§ **WORK ORDER**: Your reply should set down word for word each line below from the one with "на предсердной стороне" through the final line, both included, but none of the pictures.

§ **DATA SECTION**:
□ □ □ □

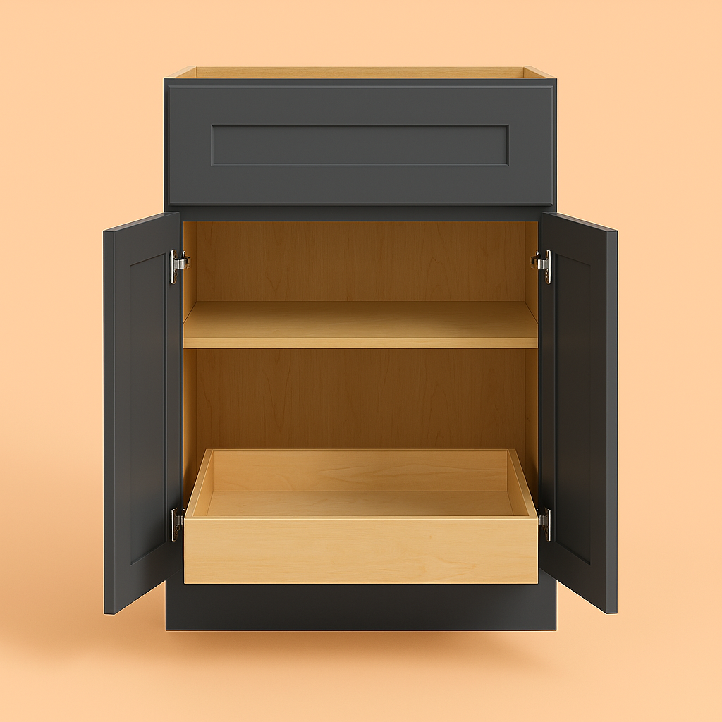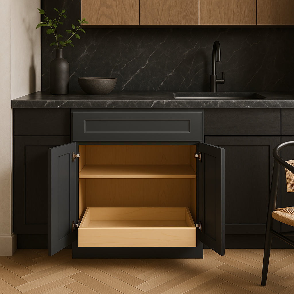 The Newport Shaker Kitchen Cabinet in Deep Onyx combines durable plywood construction with a bold painted finish and soft-close technology, offering both style and functionality for modern kitchens.
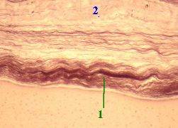 на предсердной стороне в этой ткани преобладают эластические волокна (1) (окрашены орсеином в тёмно-красный цвет),
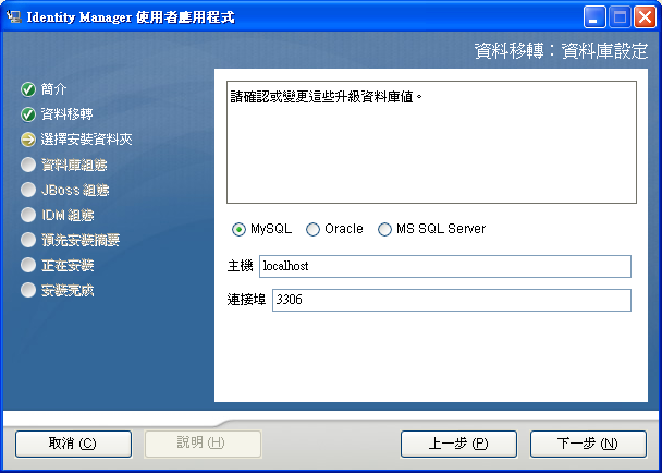 系統會要求您確認資料庫類型、主機名稱和連接埠。提供這些資訊,然後按「」。

□ □ □ □

§ **ANSWER TO THIS EXERCISE**:
 на предсердной стороне в этой ткани преобладают эластические волокна (1) (окрашены орсеином в тёмно-красный цвет),
 系統會要求您確認資料庫類型、主機名稱和連接埠。提供這些資訊,然後按「」。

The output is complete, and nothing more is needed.